Top of Extracted data

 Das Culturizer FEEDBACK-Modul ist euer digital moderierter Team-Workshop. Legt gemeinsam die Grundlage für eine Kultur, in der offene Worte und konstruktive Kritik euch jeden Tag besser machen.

Bottom of Extracted data
Top of Extracted data

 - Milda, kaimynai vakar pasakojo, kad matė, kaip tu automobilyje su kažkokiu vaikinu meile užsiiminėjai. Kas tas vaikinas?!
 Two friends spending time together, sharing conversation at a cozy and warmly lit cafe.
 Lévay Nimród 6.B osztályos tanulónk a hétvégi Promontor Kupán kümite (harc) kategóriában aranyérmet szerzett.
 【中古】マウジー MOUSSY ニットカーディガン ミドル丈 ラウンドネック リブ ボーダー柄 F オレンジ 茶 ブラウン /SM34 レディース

Bottom of Extracted data
Top of Extracted data

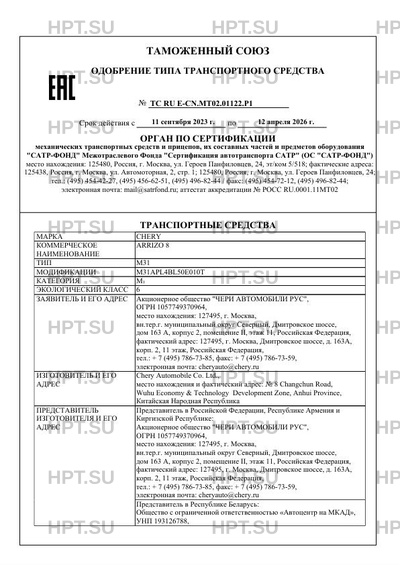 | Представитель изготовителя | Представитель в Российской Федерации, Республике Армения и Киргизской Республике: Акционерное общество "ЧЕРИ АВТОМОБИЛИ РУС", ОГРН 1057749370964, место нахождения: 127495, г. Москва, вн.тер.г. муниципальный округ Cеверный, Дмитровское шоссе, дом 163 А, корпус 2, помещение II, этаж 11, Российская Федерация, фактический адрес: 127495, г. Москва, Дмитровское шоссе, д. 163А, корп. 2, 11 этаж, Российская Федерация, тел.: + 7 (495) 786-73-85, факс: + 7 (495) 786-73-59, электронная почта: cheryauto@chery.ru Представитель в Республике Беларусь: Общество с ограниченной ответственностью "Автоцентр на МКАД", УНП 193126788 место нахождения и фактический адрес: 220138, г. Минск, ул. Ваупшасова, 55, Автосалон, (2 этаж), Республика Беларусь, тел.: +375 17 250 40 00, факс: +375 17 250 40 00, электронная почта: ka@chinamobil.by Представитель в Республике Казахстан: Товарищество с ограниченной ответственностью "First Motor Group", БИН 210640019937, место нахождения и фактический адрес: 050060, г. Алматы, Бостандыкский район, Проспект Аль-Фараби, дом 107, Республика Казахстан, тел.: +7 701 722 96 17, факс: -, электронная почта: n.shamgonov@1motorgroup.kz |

Bottom of Extracted data

§ What you should do: Above is a listing; print exactly its lines from the one with "Two friends spending" through the one with "ブラウン /SM34 レディース", and no other lines.

§ Response to the exercise:
 Two friends spending time together, sharing conversation at a cozy and warmly lit cafe.
 Lévay Nimród 6.B osztályos tanulónk a hétvégi Promontor Kupán kümite (harc) kategóriában aranyérmet szerzett.
 【中古】マウジー MOUSSY ニットカーディガン ミドル丈 ラウンドネック リブ ボーダー柄 F オレンジ 茶 ブラウン /SM34 レディース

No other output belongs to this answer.